Here we investigated the potential role of KARs in the DA neuron dysfunction and loss that occur in the parkinQ311X mouse, a model of human parkin-induced toxicity.

Animals

C57B1/6N ParkinQ311X mice,expressing the human parkin variant parkinQ311X [15] selectively in DA neurons, were previously generated and characterized [16](The Jackson Laboratories, Bar Harbor, ME, USA). This mouse model has normal wild-type parkin alleles on both chromosomes in addition to the exogenous human parkinQ311X variant, which is ectopically expressed from a bacterial artificial chromosome and driven by the dopamine transporter (DAT) promoter. The phenotype of this mouse is due to a dominantly inherited toxic gain of function, as previously reported[16]. Gender-matched littermates were used as controls in the experiments. All experiments were conducted with the aim of minimizing the number of sacrificed animals.Mice were maintained and bred at the animal house of Ospedale San Raffaele in compliance with institutional guidelines and international laws (EU Directive 2010/63/EU EEC Council Directive 86/609, OJL 358, 1, December 12, 1987, NIH Guide for the Care and Use of Laboratory Animals, U.S. National Research Council, 1996).

Dissection of substantia nigra

The mice were anesthetized and sacrificed. The brains were removed, placed in ice-cold phosphate buffer saline 1X (PBS) for 2–3 min, then transferred to the platform of a tissue chopper (McIlwain™ Tissue Chopper). The tissue was positioned perpendicular to the chopper blade and 300-μm thick coronal slices were cut in less than 1 minute. The brain slices were immediately transferred to PBS 1X. Substantia nigra was isolated under a dissecting microscope and immediately frozen in liquid nitrogen.

Western blotting

Western blotting was performed with 4-12% NovexNuPAGE SDS–PAGE gels (Life Technologies) according to the manufacturer’s protocol. Brain tissues were homogenized with lysis buffer (50 mMTris, pH 7.5, 150 mMNaCl, 1 mM EDTA, 1% NP40, protease inhibitors, 0.5% sodium deoxycholate, 0.1% SDS, complete mini protease inhibitors cocktail tablet (Roche)). The following antibodies were used: anti-GluR6/7 (Origine cod.

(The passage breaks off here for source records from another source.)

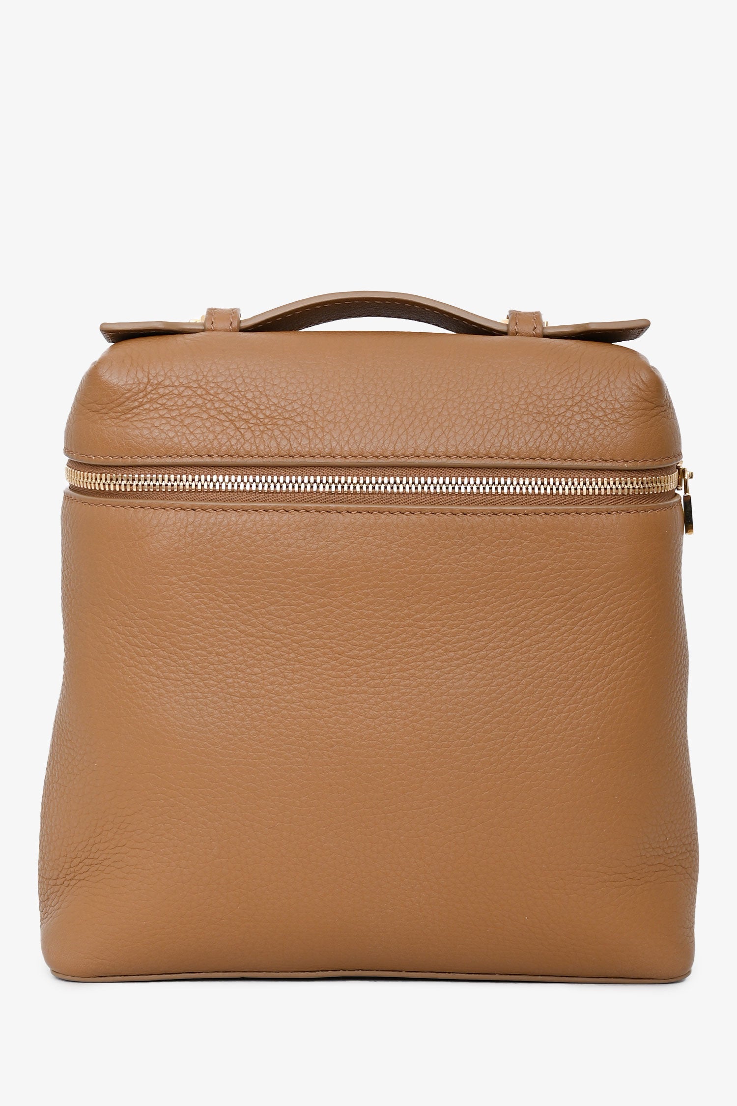 Refresh availabilityLoro Piana Brown Grained Leather Extra Pocket Backpack with Strap. Flat handle. Adjustable and detachable backpack straps. Additional removable crossbody strap. Front two-way zipper closure. Single compartment. Gold-tone hardware. Tonal stitching.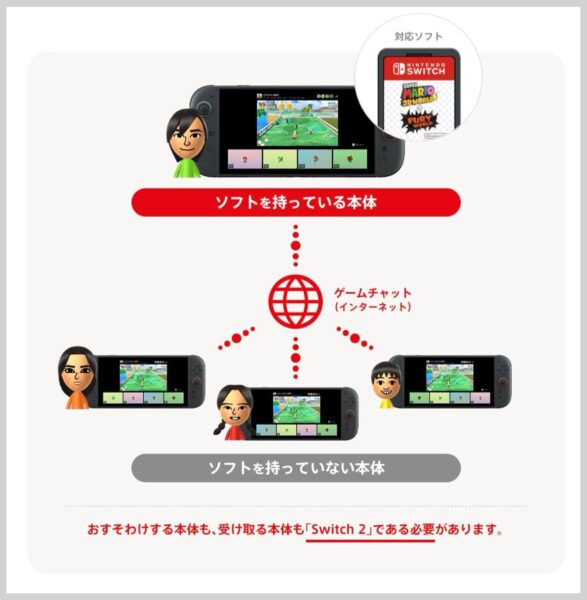 Switch 2の新機能「おすそわけ通信」って何?ローカルとインターネット経由、2つの方法あり。対応ソフトは6本Nintendo Switch2 ナビ 非公式。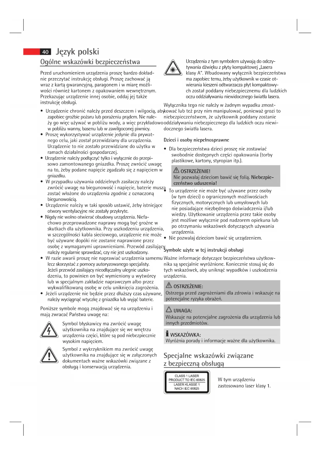 zastosowano laser klasy 1.Język polski
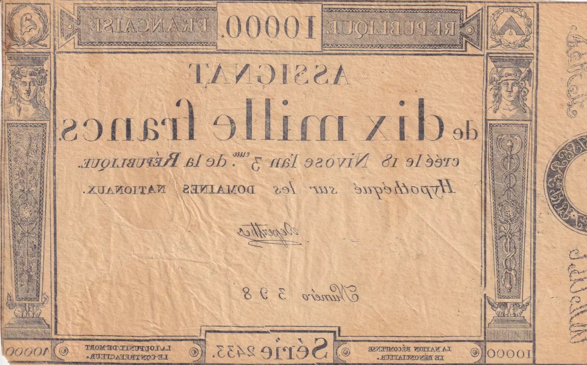 Home > > France 10000 Francs - 18 Nivose An III - 7.1.1795 - Sign. Deperthe - VF

TA310550 1:1000), anti-GluA1 (Cell Signalling cod. 13185-D4N9V 1:2000), anti-GluA2 (NeuroMab clone L21/32 1:1000), anti-KA2 (Millipore cod. 06-315 1:2000), anti-Fodrin (Cell Signalling cod. 2122 1:1000), anti-PARP (Cell Signalling cod.9542 1:1000), anti-TH (Millipore cod. MAB310 clone LNC1 1:1000), anti-GAPDH (Santa Cruz cod. sc-25778 1:1000), anti-Tubulin β3 (Covance cod. MMS-435P: 1:10.000).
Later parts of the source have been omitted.